For a whole week the patient kept on growing in health and in strength, her sensori-motor reactions improved, she walked round the room for a few minutes, talked in a low voice for a quarter of an hour at a time without manifesting her symptoms of fatigue; her appetite and sleep improved accordingly. At the end of the week there was again a relapse,—she did not sleep well the night before, dreamt of being hunted and tortured, woke up depressed, had no appetite for breakfast, complained of headache, pains, worries, and fears. The headaches have abated in their virulence during last week, but now they seemed to have reappeared in their former vigor. When I began to examine her she looked frightened, her eyeballs rolled up, her eyelids closed. The aphonia was severe, patient lost speech and voice. When spoken to she could not answer. Asked if she heard me, she nodded her head affirmatively. There were slight twitchings of her left hand and also of the muscles of her face. When attention was attracted to the arm the twitchings increased in violence and rapidity. With the distraction of the attention the twitchings disappeared. When the left hand was put in the patient’s field of vision, thus making her attention concentrate on that limb, the tremors increased again, becoming finally convulsive in character.
I insisted she should try to open her mouth, and say something,—she made fruitless efforts, moving incoordinately the muscles of the face and of the forehead, but she could not utter a sound. She could not move her arms on command, could hardly wriggle the fingers of her hand. She appeared like a little bird paralyzed by fear. When the arm was raised passively it fell down slowly being in a cataleptic state.

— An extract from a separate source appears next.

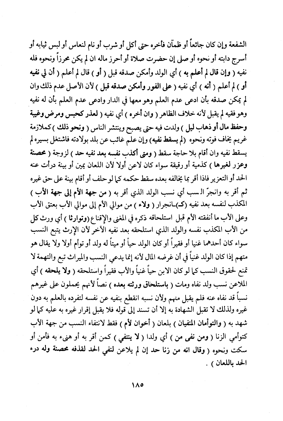 الشُّفْعَةِ وَإِنْ كَانَ جَائِعًا أَوْ ظَمْآنَ فَأَخَّرَهُ حَتَّى أَكَلَ أَوْ شَرِبَ أَوْ نَامَ لِنُعَاسٍ أَوْ لَبِسَ ثِيَابَهُ أَوْ أَسْرَجَ دَابَّتَهُ أَوْ نَحْوَهُ أَوْ صَلَّى إنْ حَضَرَتْ صَلَاةٌ أَوْ أَحْرَزَ مَالَهُ إنْ لَمْ يَكُنْ مُحْرَزًا وَنَحْوَهُ فَلَهُ نَفْيُهُ (وَإِنْ قَالَ لَمْ أَعْلَمْ بِهِ) أَيْ الْوَلَدِ وَأَمْكَنَ صِدْقُهُ قُبِلَ (أَوْ) قَالَ لَمْ أَعْلَمْ (أَنَّ لِي نَفْيَهُ أَوْ) لَمْ أَعْلَمْ (أَنَّهُ) أَيْ نَفْيَهُ (عَلَى الْفَوْرِ وَأَمْكَنَ صِدْقُهُ قُبِلَ) ; لِأَنَّ الْأَصْلَ عَدَمُ ذَلِكَ، وَإِنْ لَمْ يُمْكِنْ صِدْقُهُ بِأَنْ ادَّعَى عَدَمَ الْعِلْمِ وَهُوَ مَعَهَا فِي الدَّارِ وَادَّعَى عَدَمَ الْعِلْمِ بِأَنَّ لَهُ نَفْيَهُ، وَهُوَ فَقِيهٌ لَمْ يُقْبَلْ ; لِأَنَّهُ خِلَافُ الظَّاهِرِ (وَإِنْ أَخَّرَهُ) أَيْ نَفْيَهُ (لِعُذْرٍ كَحَبْسٍ وَمَرَضٍ وَغَيْبَةٍ وَحِفْظِ مَالٍ أَوْ ذَهَابِ لَيْلٍ) وَلَدَتْ فِيهِ حَتَّى يُصْبِحَ وَيَنْتَشِرَ النَّاسُ (وَنَحْوِ ذَلِكَ) كَمُلَازَمَةِ غَرِيمٍ يَخَافُ فَوْتَهُ وَنَحْوِهِ (لَمْ يَسْقُطْ نَفْيُهُ) وَإِنْ عَلِمَ غَائِبٌ عَنْ بَلَدٍ بِوِلَادَتِهِ فَاشْتَغَلَ بِسَيْرِهِ لَمْ يَسْقُطْ نَفْيُهُ وَإِنْ أَقَامَ بِلَا حَاجَةٍ سَقَطَ (وَمَتَى أَكْذَبَ نَفْسَهُ بَعْدَ نَفْيِهِ حُدَّ) لِزَوْجَةٍ (مُحْصَنَةٍ وَعُزِّرَ لِغَيْرِهَا) كَذِمِّيَّةٍ أَوْ رَقِيقَةٍ سَوَاءٌ كَانَ لَاعَنَ أَوْ لَا ; لِأَنَّ اللِّعَانَ يَمِينٌ أَوْ بَيِّنَةٌ دَرَأَتْ عَنْهُ الْحَدَّ أَوْ التَّعْزِيرَ فَإِذَا أَقَرَّ بِمَا يُخَالِفُهُ بَعْدَهُ سَقَطَ حُكْمُهُ كَمَا لَوْ حَلَفَ أَوْ أَقَامَ بَيِّنَةً عَلَى حَقِّ غَيْرِهِ ثُمَّ أَقَرَّ بِهِ وَانْجَرَّ النَّسَبُ أَيْ نَسَبُ الْوَلَدِ الَّذِي أَقَرَّ بِهِ (مِنْ جِهَةِ الْأُمِّ إلَى جِهَةِ الْأَبِ) الْمُكَذِّبِ لِنَفْسِهِ بَعْدَ نَفْيِهِ (كَ) انْجِرَارِ (وَلَاءٍ) مِنْ مَوَالِي الْأُمِّ إلَى مَوَالِي الْأَبِ بِعِتْقِ الْأَبِ وَعَلَى الْأَبِ مَا أَنْفَقَتْهُ الْأُمُّ قَبْلَ اسْتِلْحَاقِهِ ذَكَرَهُ فِي الْمُغْنِي وَالْإِقْنَاعِ (وَتَوَارَثَا) أَيْ وَرِثَ كُلٌّ مِنْ الْأَبِ الْمُكَذِّبِ نَفْسَهُ، وَالْوَلَدِ الَّذِي اسْتَلْحَقَهُ بَعْدَ نَفْيِهِ الْآخَرِ ; لِأَنَّ الْإِرْثَ يَتْبَعُ النَّسَبَ سَوَاءٌ كَانَ أَحَدُهُمَا غَنِيًّا أَوْ فَقِيرًا أَوْ كَانَ الْوَلَدُ حَيًّا أَوْ مَيِّتًا لَهُ وَلَدٌ أَوْ تَوْأَمٌ أَوْ لَا وَلَا يُقَالُ هُوَ مُتَّهَمٌ إذَا كَانَ الْوَلَدُ غَنِيًّا فِي أَنَّ غَرَضَهُ الْمَالُ لِأَنَّهُ إنَّمَا يَدَّعِي النَّسَبَ، وَالْمِيرَاثُ تَبَعٌ وَالتُّهْمَةُ لَا تَمْنَعُ لُحُوقَ النَّسَبِ كَمَا لَوْ كَانَ الِابْنُ حَيًّا غَنِيًّا وَالْأَبُ فَقِيرًا وَاسْتَلْحَقَهُ.

I allayed the patient’s fear. I strongly impressed her with the groundlessness of her fears, and also with the fact that everything was well with the children, and that her husband will be good and gentle with her. The patient was permitted to see her family. The husband was made to realize that he must treat her with more consideration. He came often to visit her, and learned to treat her well. He soon found a better position, was advised to remove to a healthy locality and to more cheerful surroundings. The children were well cared for. The patient found deep satisfaction in the midst of this family happiness. The fear state abated,—the patient became more confident, more hopeful for the future, and began to improve. The infant was weaned so that the strain of nursing was removed. The patient’s appetite began to improve; she gained several pounds in a few days. Long periods of examination and investigation of her nervous and mental state no longer exhausted or terrified her. Her concentration of attention could be kept up from a quarter to half an hour at a stretch without giving rise to fatigue, headache, or to a seizure with its consequent psychomotor effects. The haunted look of fear disappeared, and along with it were also gone the fatigue and dread of physical and mental exercise or work. She could work and walk with ease the whole length of the room and of the hall. She began to take more and more interest in her appearance and in dress. For many minutes at a time she looked out on the street taking an interest in all that was done and what was going on.